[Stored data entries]
════════

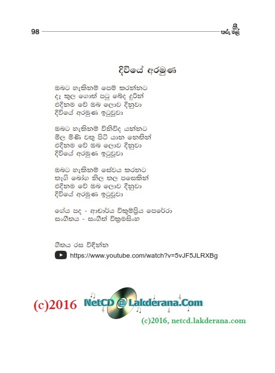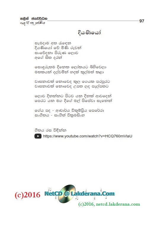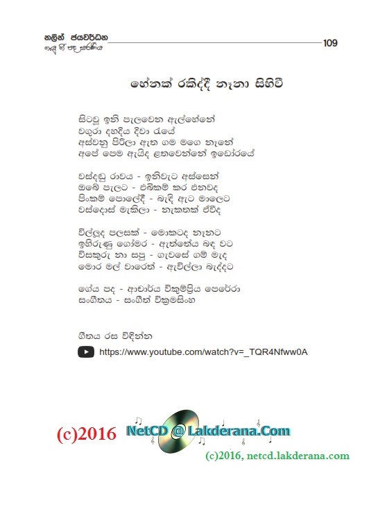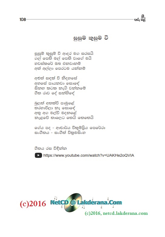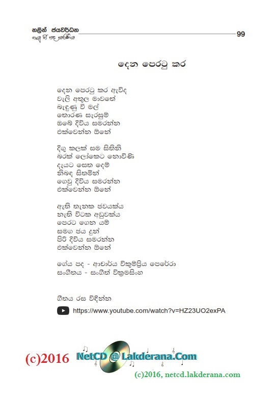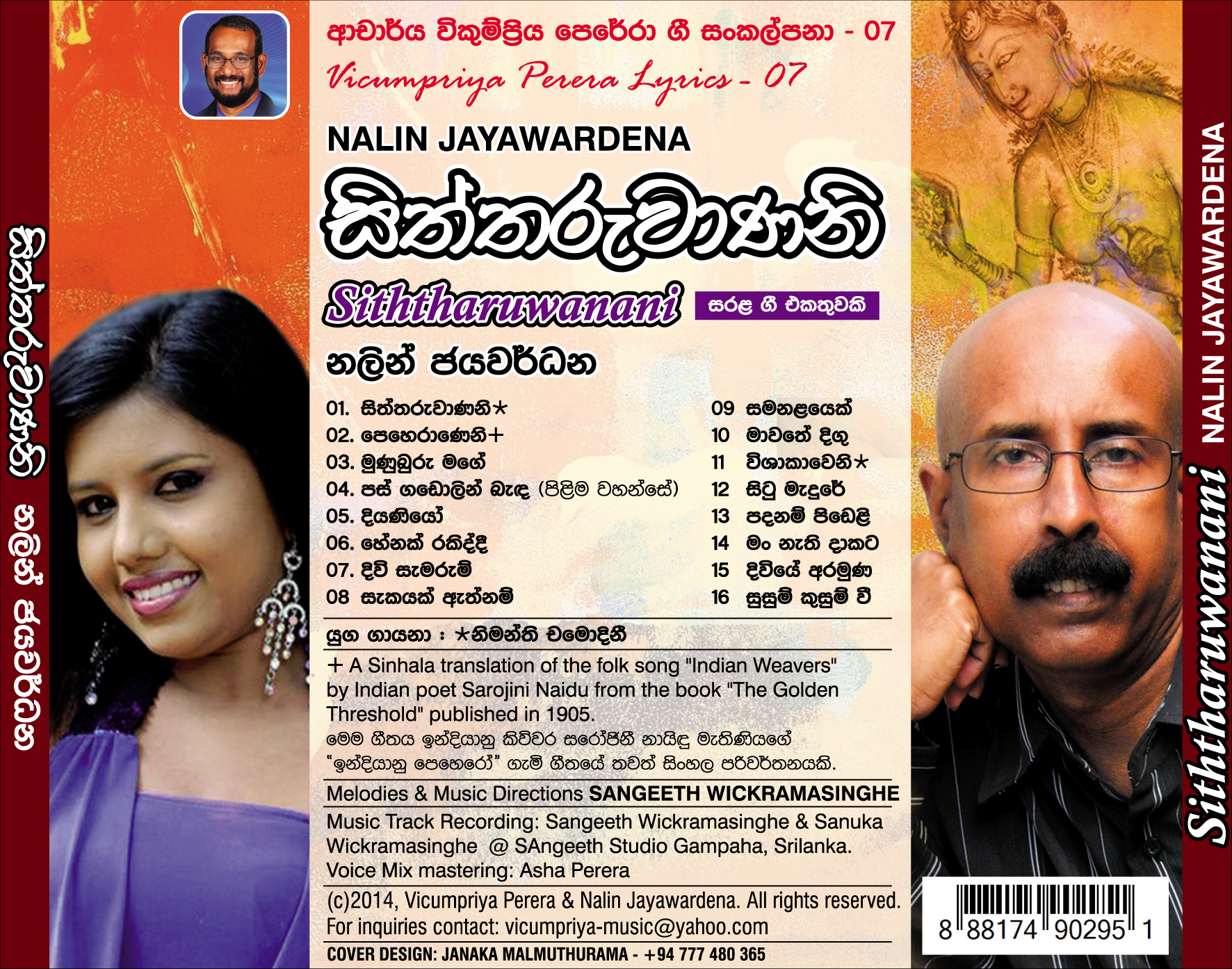 This is the seventh lyrical composition album of Vicumpriya Perera. All songs included on this album are sung by Nalin Jayawardena, a Sri Lankan born versatile vocalist residing in Perth, Australia. Music composition and music direction for the album is by the talented music composer and director Sangeeth Wickramaisnghe. This album features two duets with Nimanthi Chamodini who is a talented Sri Lankan reality musical show star. Music orchestra for the album consists of renowned Sri Lankan musicians Mahendra Pasquel, Sarath Fernando, Dhananjaya Somasiri, Janaka Bogoda, Susil Amarasinghe, Rohana Dharmakeerthi, Shelton Wijesekera, and Dilusha Ravindranath. Album cover is by Janaka Chaminda and the CD production is by Lanka Heritage, LLC.
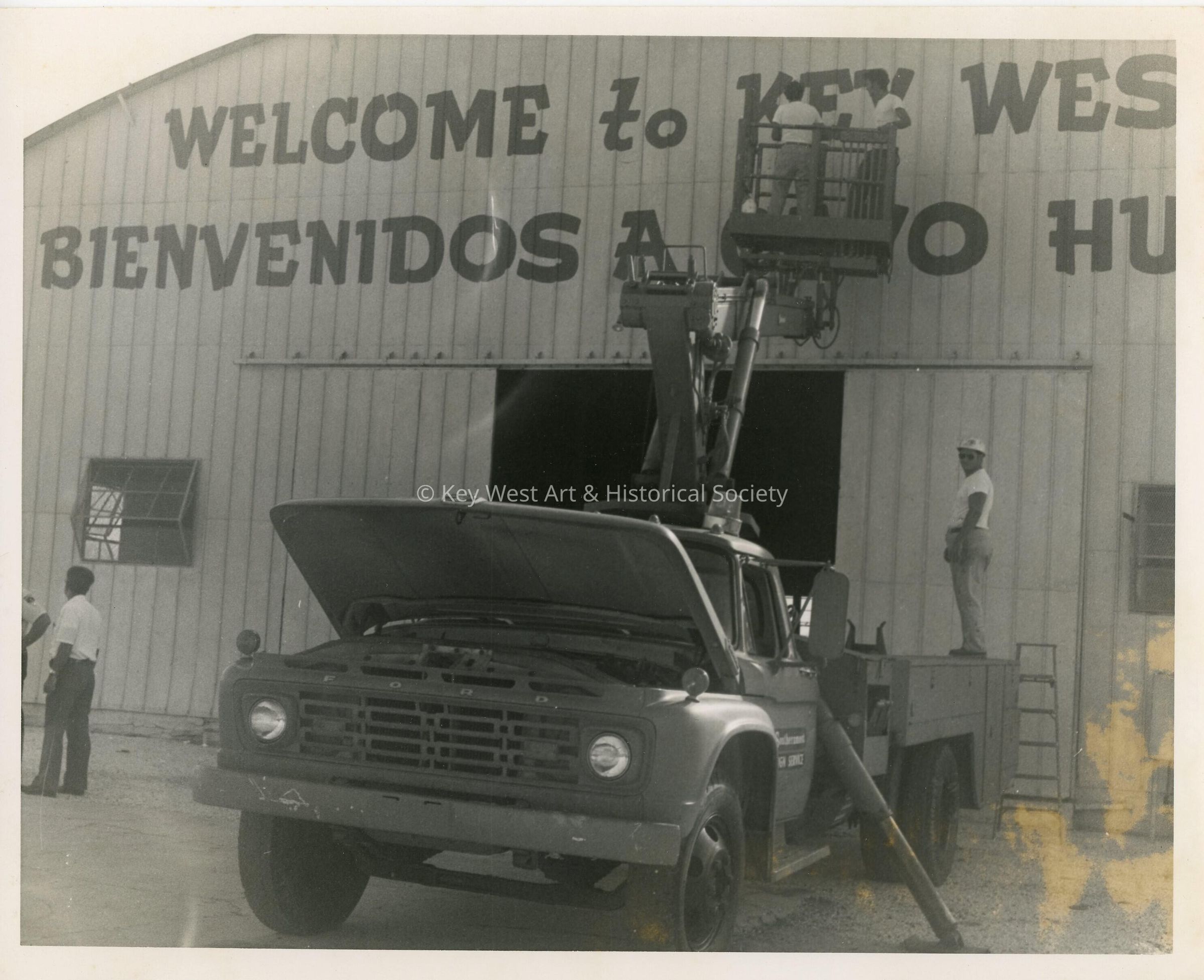 A truck putting up a sign on a building
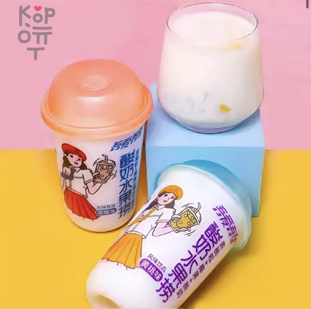 Йогуртовый напиток Hunan Little Jiajia с кусочками фруктов, кокоса и вкусом Манго и Ананаса, 450мл.
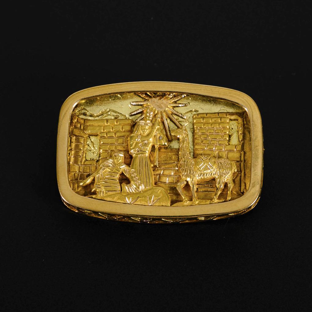 Bildartige Brosche mit südamerikanischem, plastisch gearbeitetem Motiv und seitlicher Randzier. Kugelhaken.
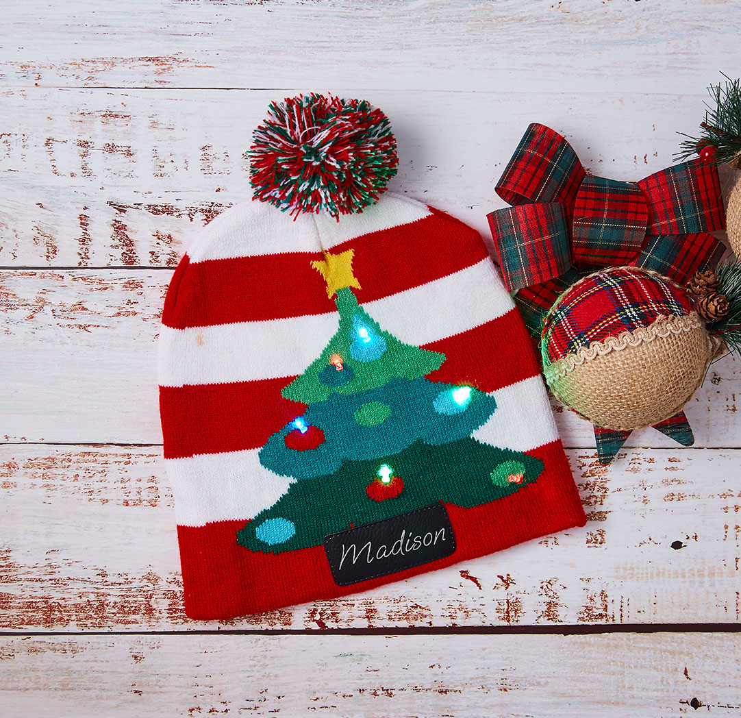 Show off your Christmas Cheer with Personalized LED Touques. These fun Christmas accessories pair best with an Ugly Christmas Sweater! Includes a laser engraved leather patch with your text revealed in silver. Available in 4 styles featuring Multicolour LED lights and 3 modes.
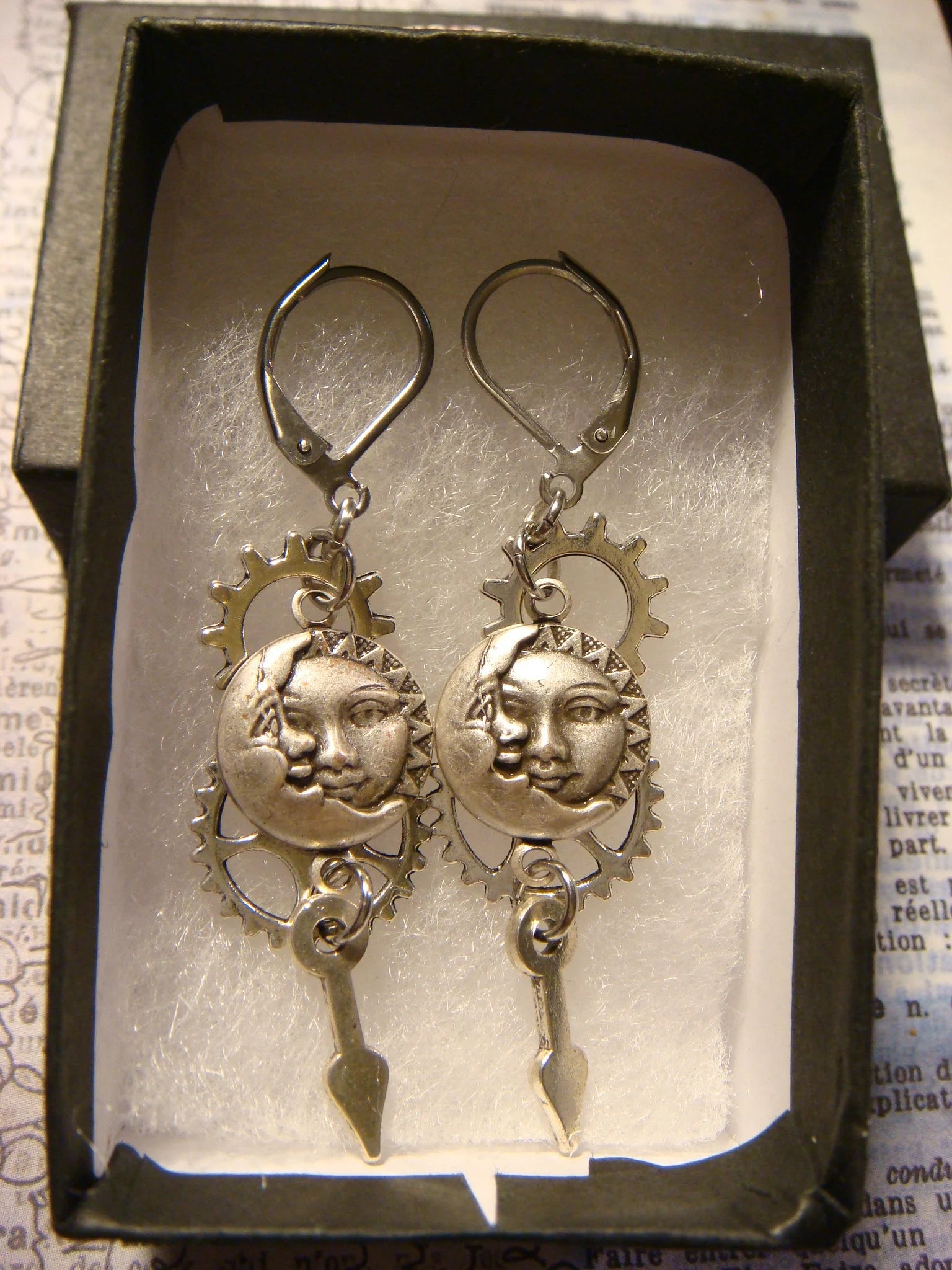 These steampunk earrings are made with antique silver sun and moon stampings with gears and cogs with clock hands hanging on stainless steel leverback earrings.
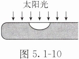 6. 如图5.1 - 10所示,在注有清水的试管内留有一个稍大的空气泡,使太阳光从试管的正上方向下照射,观察试管下方的白纸,可以发现白纸上与空气泡相对应的位置较____(选填“亮”或“暗”),这是因为气泡与周围水组成____透镜,太阳光射向空气泡和它下方的水后,出射光线会被____(选填“会聚”或“发散”)。

════════

In the entries above, find the line with "A truck putting up a sign on a building" and the line with "Bildartige Brosche mit". Write out exactly those two lines and every line between them, pictures excluded.

 A truck putting up a sign on a building
 Йогуртовый напиток Hunan Little Jiajia с кусочками фруктов, кокоса и вкусом Манго и Ананаса, 450мл.
 Bildartige Brosche mit südamerikanischem, plastisch gearbeitetem Motiv und seitlicher Randzier. Kugelhaken.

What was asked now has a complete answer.